Rumor from? I don't follow that. Rumor eminating from? 



> Originally Posted By: middleofnowhere I would suggest that the most you have going with either party is a civil suit and that you will have a lot to prove regarding the rescue if there is anything at all legally wrong. (Not saying it is ethically correct but I don't see any legal issue with them.)


And what exactly would need to be proven? That information would be helpful.



> Originally Posted By: middleofnowhereThe dog is in a home, he has not been euthanized, he has not been dumped at a shelter. It is not a home of your chosing but, as mean as it sounds, do not loose sight of the fact that your choice didn't work out.


That's certainly one way of looking at it if, in fact, you know he is in a home. 



> Originally Posted By: middleofnowhereIt was the person you released the dog to that failed to live up to the agreement.


No disagreement on that statment.



> Originally Posted By: middleofnowhereOne of these instances may be legally wrong and ethically wrong; the other is most likely just ethically wrong because the dog wasn't stolen property per se as I understand it. (Not a lawyer, just a lay person's interpretation.)


There are different interpretations.



> Originally Posted By: middleofnowhereFigure out what you want to happen (and what the ramifications of this result would be to you -- is this going to crimp potential adopters for instance?)


What does that mean - crimp potential adopters? Does that mean put the adopter on the DNA list?


----------



## Achielles UD (May 26, 2001)

> Originally Posted By: gsdcodyk9My adopter never informed me of his decision to reliquish the GSD, which is required by my contract in addition to the return of the dog,...


Adopter #1 cn have legal action taken against him for breach of contract, if you feel that it is something that you can put the time, money and resourses into it.



> Originally Posted By: gsdcodyk9...and informed the other rescue that he obtained the GSD from a woman who does the same thing she does (rescue).

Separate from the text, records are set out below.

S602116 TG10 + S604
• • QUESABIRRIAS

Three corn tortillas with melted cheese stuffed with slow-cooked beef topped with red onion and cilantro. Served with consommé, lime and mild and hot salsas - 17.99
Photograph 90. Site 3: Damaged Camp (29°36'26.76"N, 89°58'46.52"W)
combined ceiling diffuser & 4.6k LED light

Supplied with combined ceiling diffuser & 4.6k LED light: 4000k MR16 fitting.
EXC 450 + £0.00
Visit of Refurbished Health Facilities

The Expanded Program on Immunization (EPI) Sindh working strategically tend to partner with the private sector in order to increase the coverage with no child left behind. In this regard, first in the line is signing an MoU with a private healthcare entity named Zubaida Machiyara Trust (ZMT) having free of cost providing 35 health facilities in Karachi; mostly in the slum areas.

Ok, so Adopter #1 told Rescue #2 that he had adopted the dog from "another rescue" and was now turning the dog over to Rescue #1. I would, if I was Rescue #2, wonder why he did not return the dog to Rescue #1 and if I did not have a working relationship or know of this other rescue, would have doubts about the first rescue. 

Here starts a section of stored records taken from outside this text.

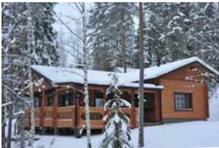
5 Rantamökki E1+E2 6+3 person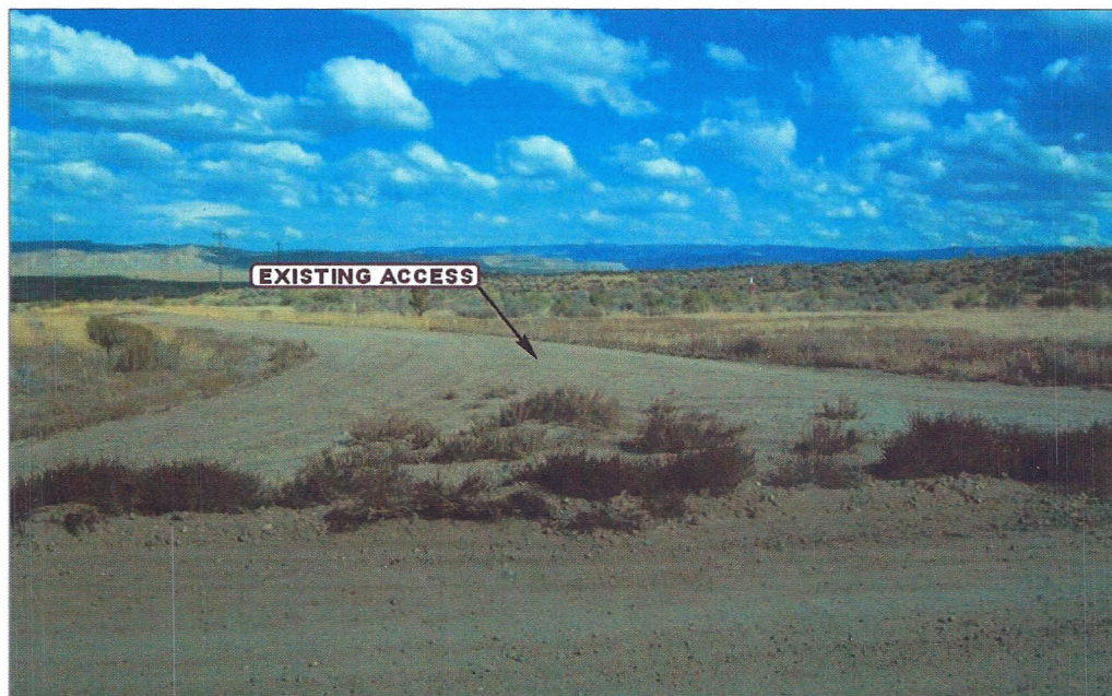
PHOTO: VIEW OF EXISTING ACCESS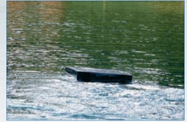
Efficiently eliminate stagnant water

Many people these days say they are "rescue" and we have all seen in the news where people claiming to be rescues are really not. Rescue#2 could very well have been trepidacious about contacting or returning the dog to a rescue they were not comfortable with. Just my thoughts on that part...



> Originally Posted By: gsdcodyk9From what I understand, ...


And here is another problem I have with the whole thing... Everything sounds to be pretty much hearsay. No facts are known other than the dog is no longer in the home you had originally placed it.



> Originally Posted By: gsdcodyk9I believe that the GSD was adopted out by this well known area rescue without an adoption application, without checking vet or work references, to a family with acreage that does not have fencing, and without requiring a home visit.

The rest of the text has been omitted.